An e-commerce company uses Vertex AI to serve a real-time personalization model. The model is updated daily via a retraining pipeline that uploads a new version to the same endpoint. Recently, after a model update, the online prediction responses have been returning anomalous results (e.g., recommending irrelevant products). The previous version performed well. The team suspects that the new model is undercooked or has a bug. They have already checked the training code and the pipeline logs, which show no errors. The pipeline deploys the new model version to the endpoint by updating the traffic split to route 100% of traffic to the new version. Which course of action should the team take to quickly mitigate the issue while diagnosing the root cause? A) Roll back the endpoint to the previous model version by setting traffic split to 0% for the new version. B) Delete the current endpoint and recreate it with the previous model version. C) Tweak the training hyperparameters and retrain immediately.
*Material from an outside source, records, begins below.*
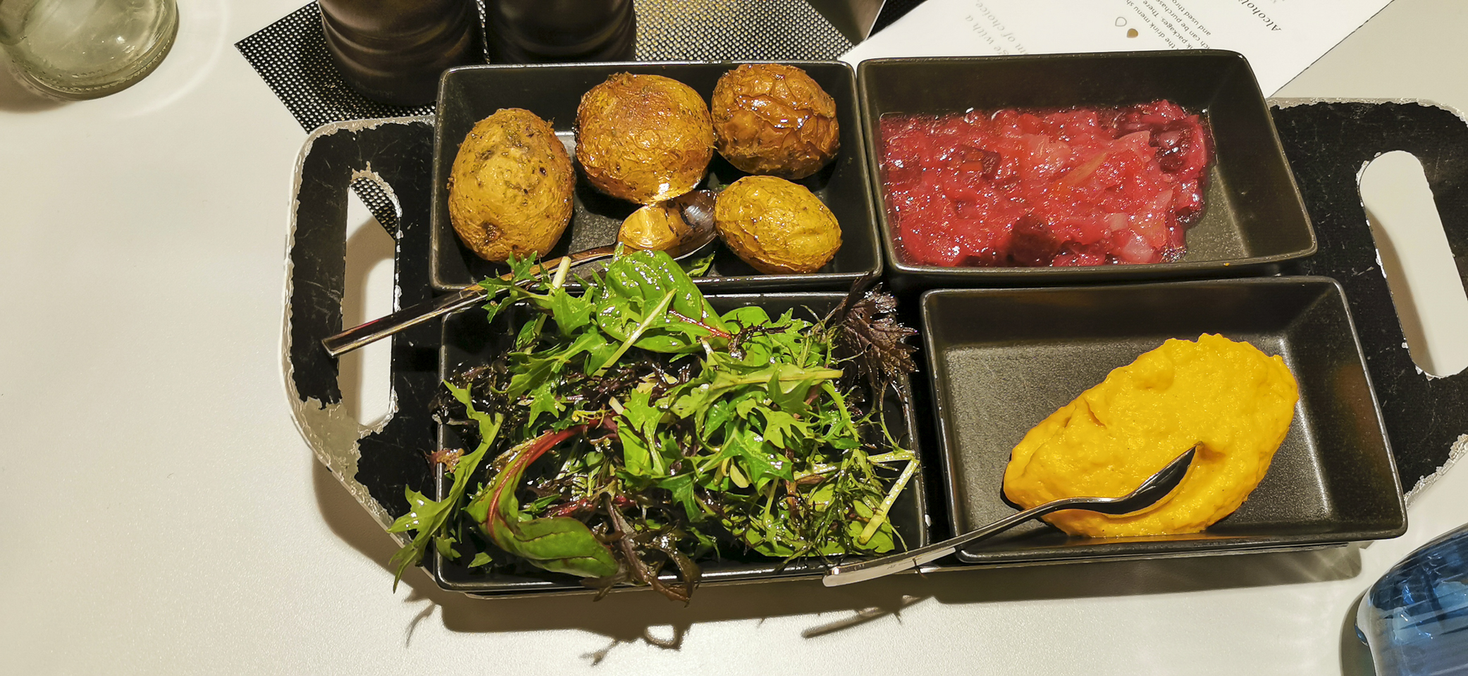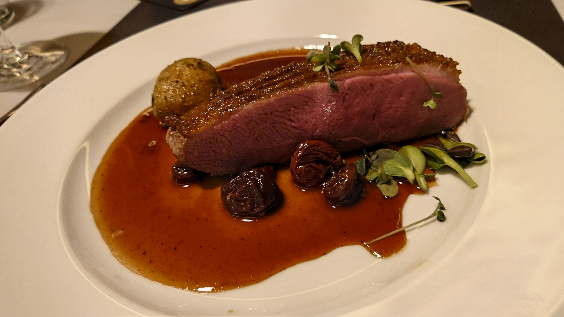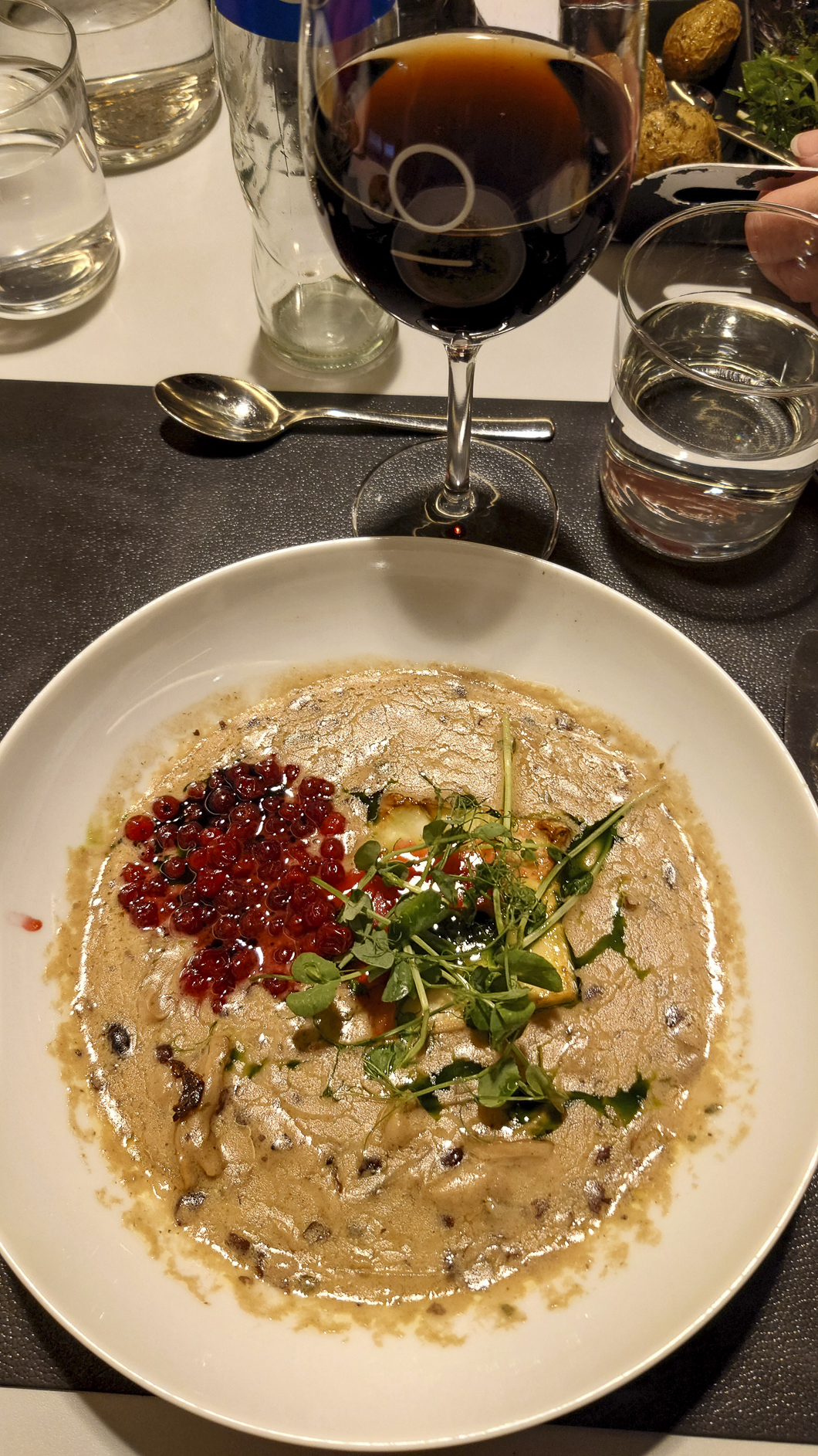 Heute lassen wir unsere Seele baumeln, geniessen das gute Essen und lassen die wunderbare Landschaft an uns vorüberziehen. Auf den Schiffen von Havila Voyages gibt es keine Buffets. Sämtliche Speisen und Getränke werden serviert. Havila hat das Ziel mit diesem Konzepte den Food waste auf maximal 75 g. pro Person und Tag zu begrenzen. Aus den Speisekarten für das Frühstück, Mittag- und Abendessen wird eine Auswahl gewählt die dann an den Tisch gebracht wird. Die Auswahl ändert sich je nach Küstenregion. Somit gibt es viel Abwechslung. Frischer Fisch ist immer vorhanden und schmeckt grossartig. Heute wähle ich jedoch das vegetarische Rinderfilet. Einfach weil ich wissen will wie das aussieht.
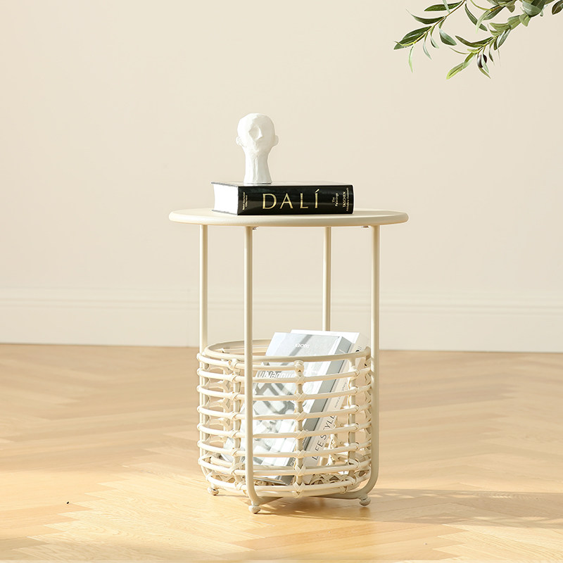 mwh曼好家藤编茶几小型储物简约圆形边几客厅沙发角几边柜置物架
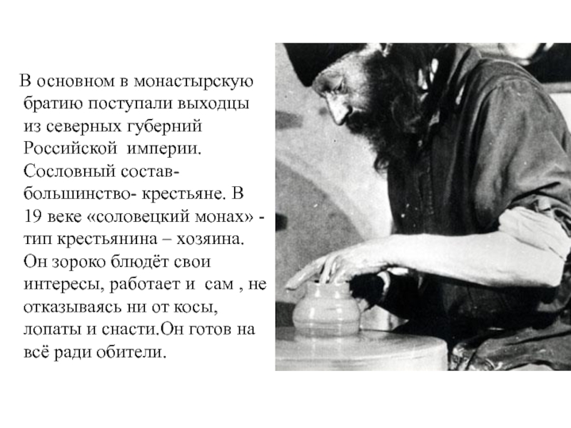 Слайд 57 В основном в монастырскую братию поступали выходцы из
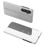 Descubre nuestra funda elegante y funcional para Samsung Galaxy A56 5G. Fabricada en piel de PU de alta calidad con una superficie de espejo galvanizado, ofrece una protección completa con una ventana de visualización translúcida y un soporte integrado.
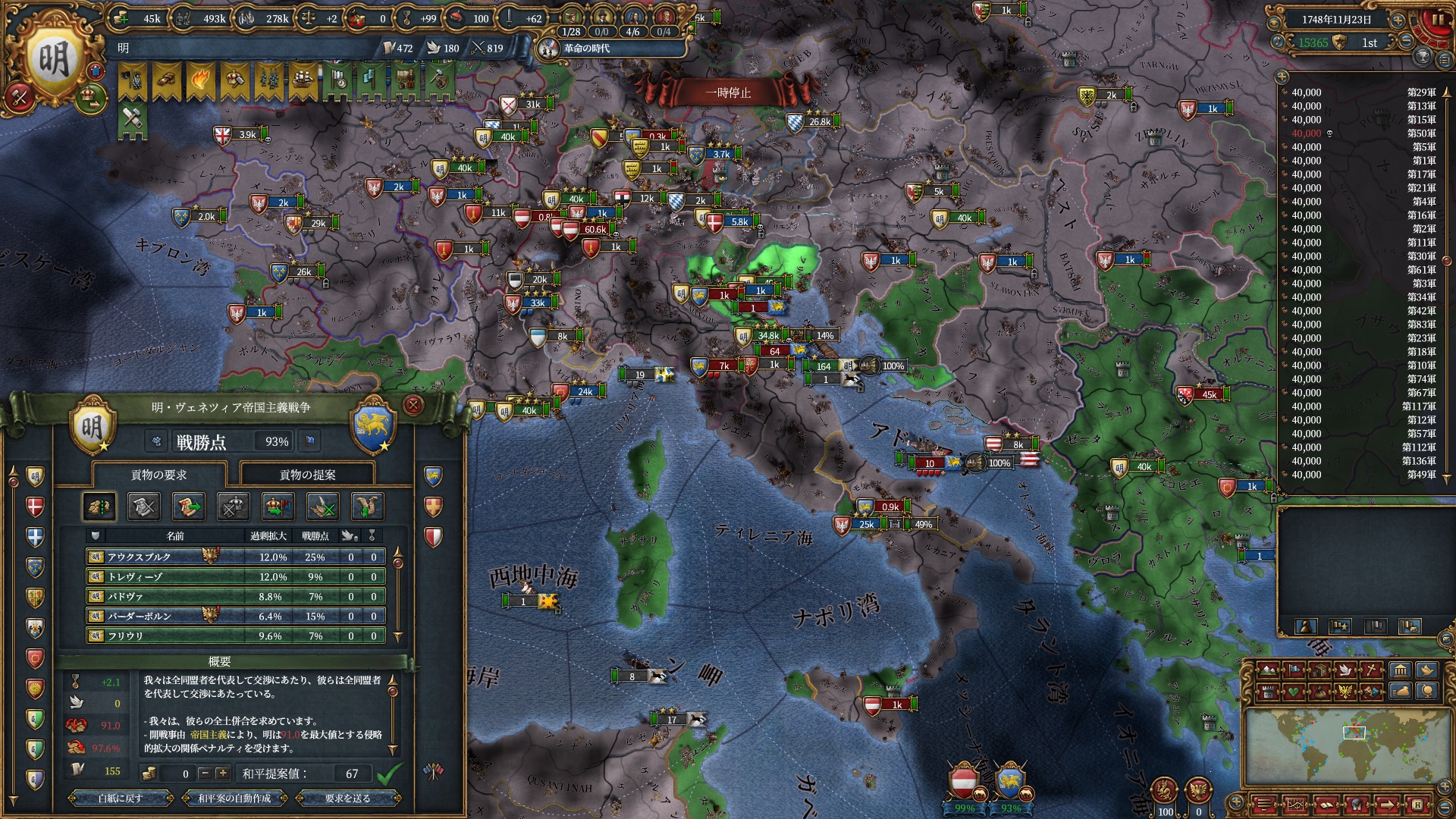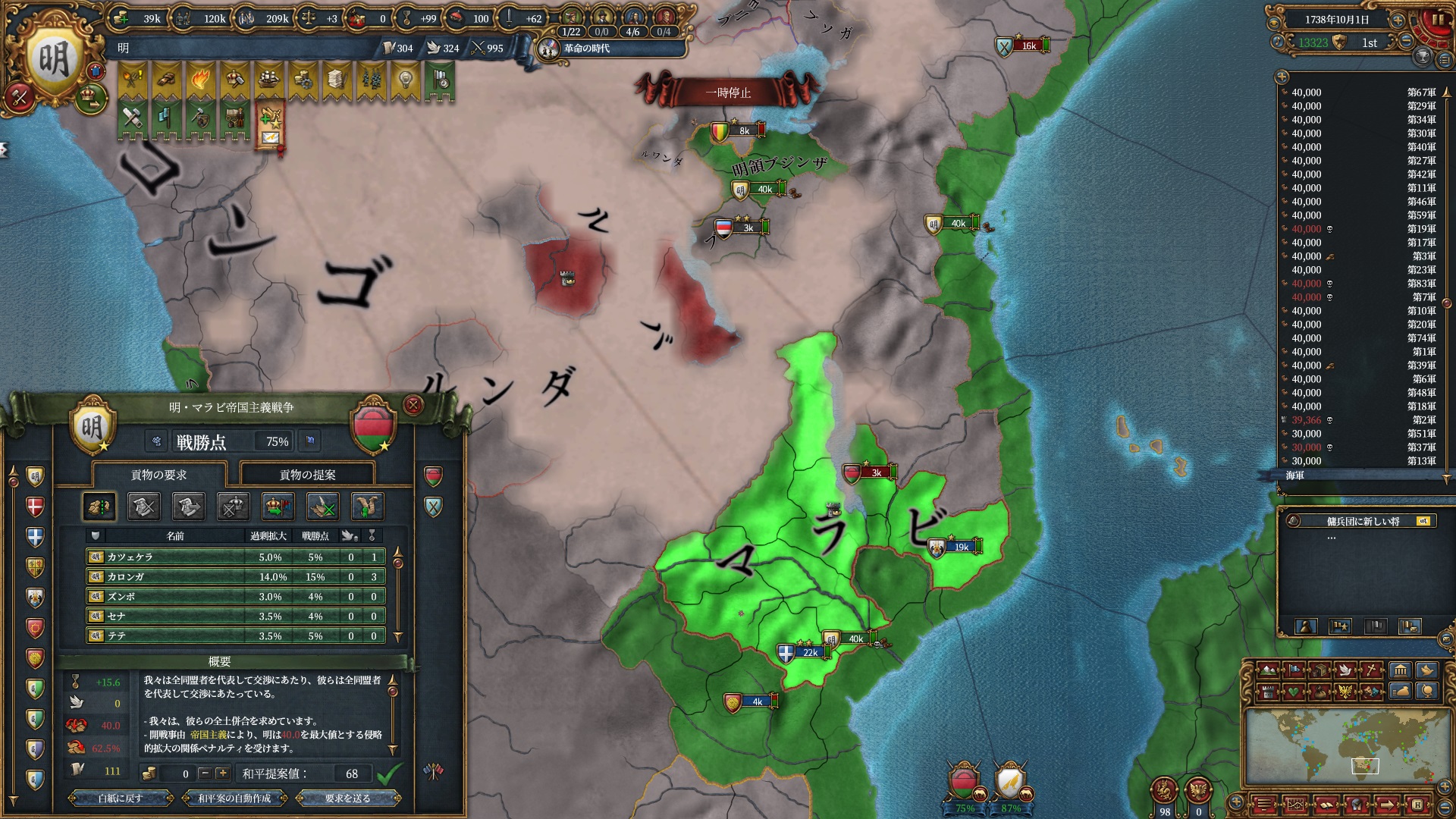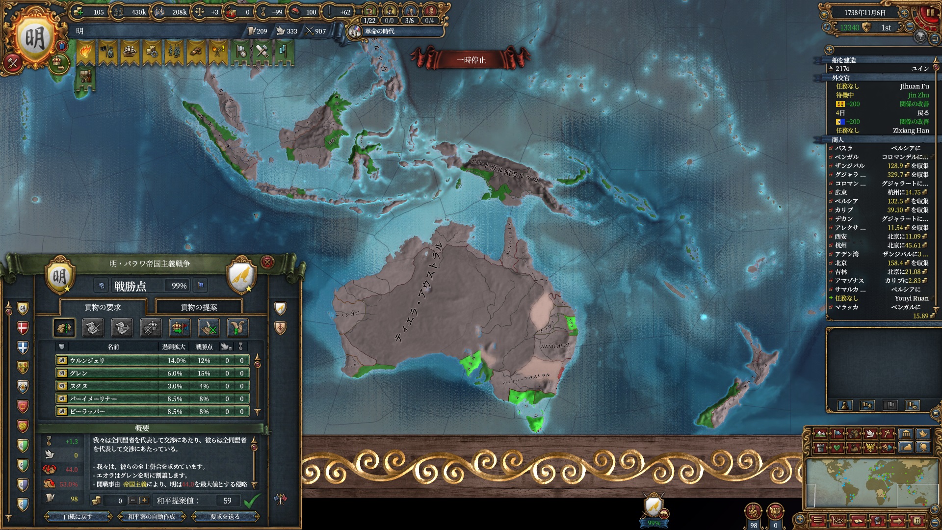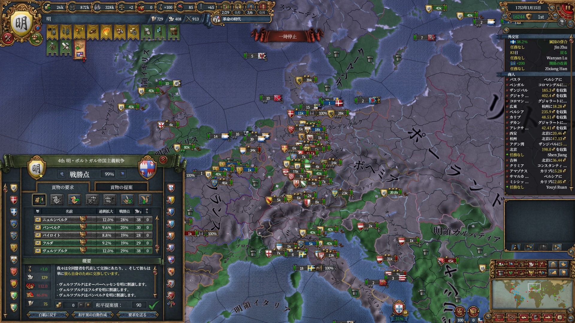 全州取得に必要な戦勝点は100を超えていますが帝国主義CBで75%の領地割譲と組み合わせれば(AEは無視するとして)属国に出来そうです。
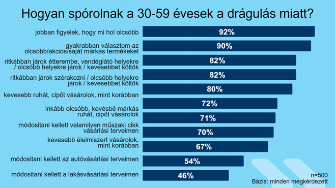 A magyarok 90 százaléka mostanában gyakrabban vásárolja meg az élelmiszerláncok saját márkás termékeit vagy a hasonló termékek közül az olcsóbbat, mint korábban. A nők körében az átlagosnál magasabb, 94 százalék ez az arány, a férfiaknál ugyanez 86 százalékos. Hasonló az eltérés a községekben, illetve a fővárosban élőknél is.
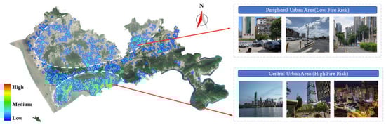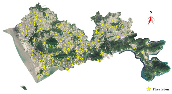 Underground parking garages in high-density megacities are high-risk environments where strong confinement and large fire loads pose severe safety threats. In this study, an evaluation model is proposed based on the entropy weight method combined with dynamic traffic conditions to determine the regional fire service accessibility index . Taking Shenzhen, a megacity in China, as the study area, POI data were used to identify 510 fire stations as supply points and 3378 underground parking garages as demand points, yielding 165,522 samples across 49 evaluation scenarios. The results show that the overall average travel time, distance, and velocity are 388.17 s, 2217.95 m, and 5.84 m/s. fluctuates between 0.572 and 0.813, demonstrating clear time-of-day differences. The overall average for all 49 scenarios is 0.697, corresponding to Grade “C”, representing the general level of regional fire service accessibility. It is recommended that additional fire resources be deployed during peak hours and that fire station layouts in peripheral areas be optimized to improve fire safety in underground parking garages.
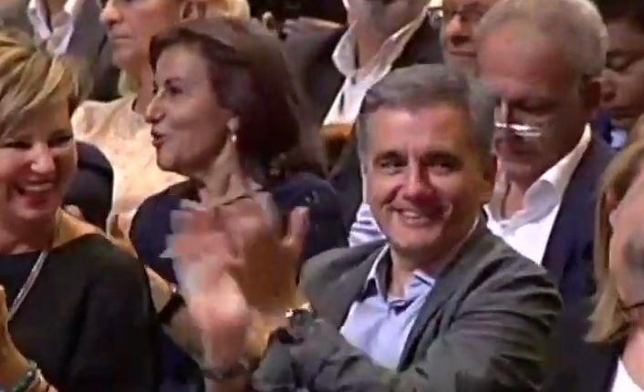 Στο σημείο αυτό, ο στενός συνεργάτης του και πρώην υπουργός Οικονομιών, Ευκλείδης Τσακαλώτος άρχισε να χειροκροτάει.
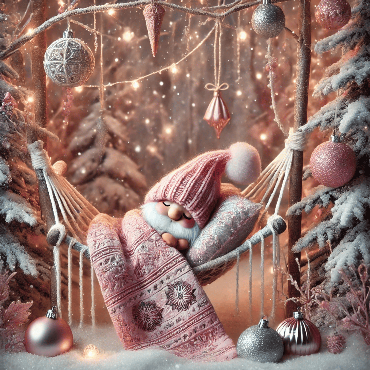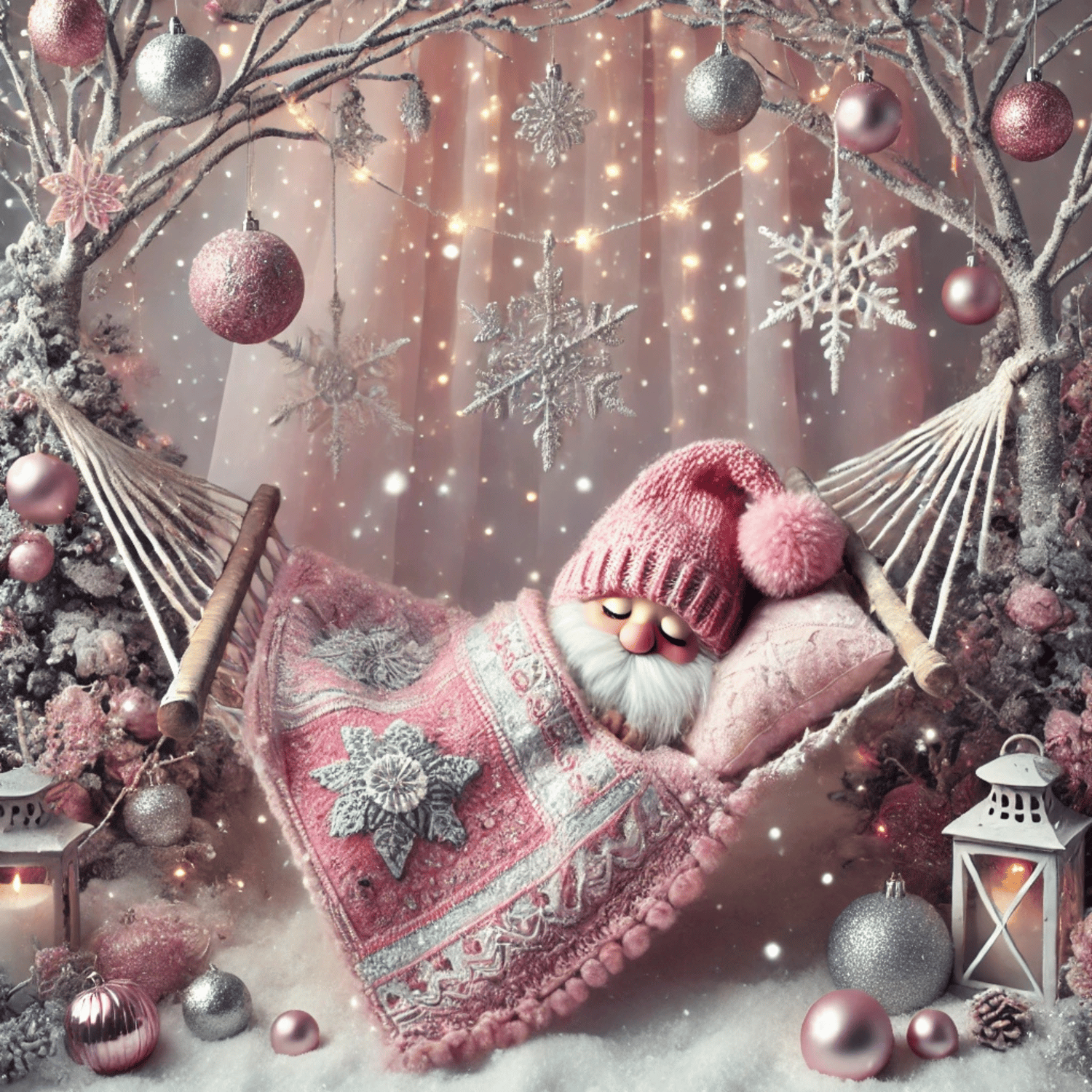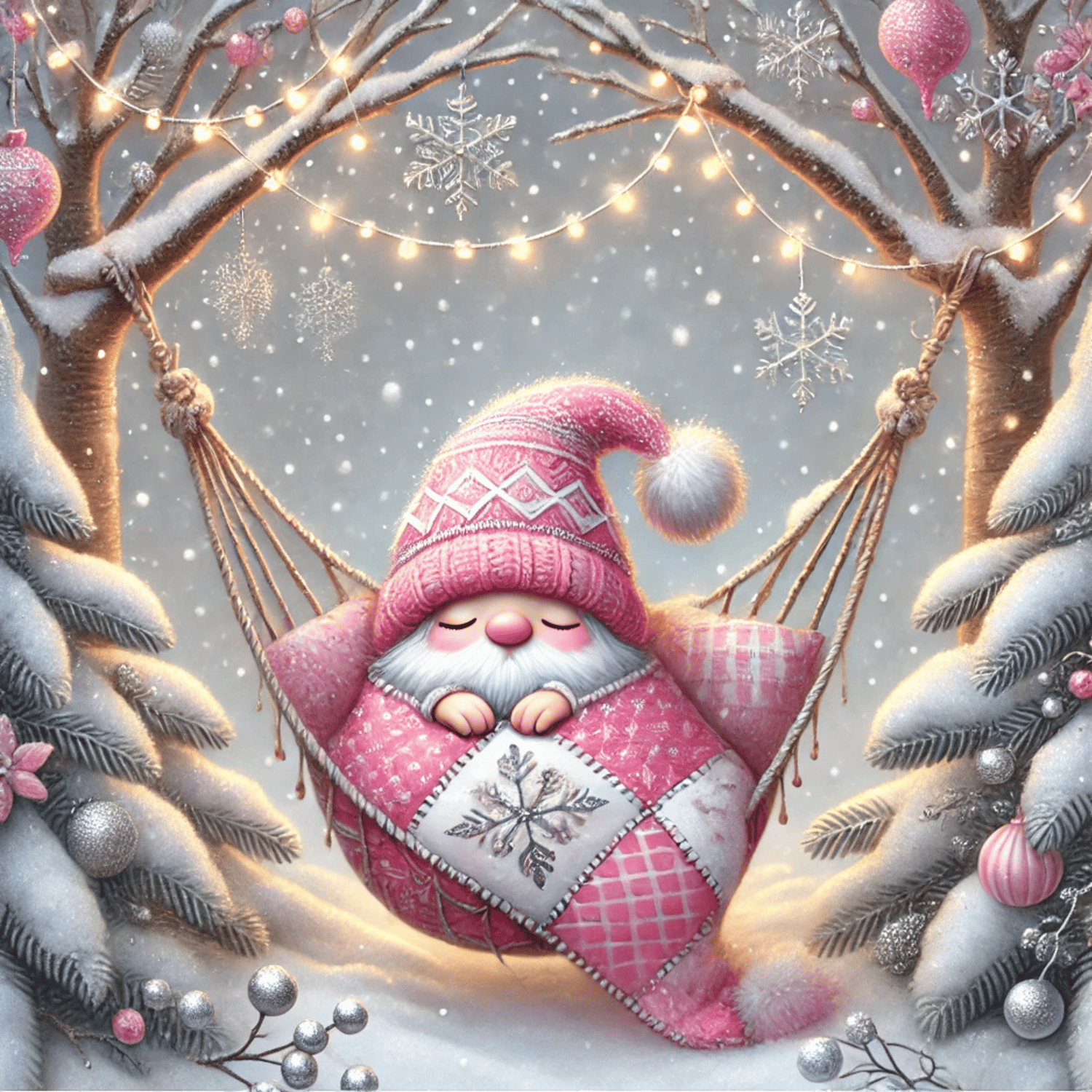 Cozy up with this dreamy Pink Gnome Christmas Hammock Bundle! 🎀 These soft, pastel winter illustrations feature adorable gnomes snuggled in patchwork hammocks, surrounded by sparkling snow, fairy lights, and holiday ornaments. Perfect for adding a whimsical winter touch to your Christmas projects—from sublimation mugs to journal covers!

D) Increase the number of replicas on the endpoint to handle load.

Accepted Answer

Roll back the endpoint to the previous model version by setting traffic split to 0% for the new version.. Option A is correct because rolling back traffic to the previous known-good version immediately restores correct predictions, while the team investigates the new model. Option B (deleting endpoint) is excessive and causes downtime. Option C (retrain) takes time and may not fix the bug. Option D (more replicas) does not address the incorrect model output.

Answer

Tweak the training hyperparameters and retrain immediately.

Answer

Increase the number of replicas on the endpoint to handle load.

Answer

Delete the current endpoint and recreate it with the previous model version.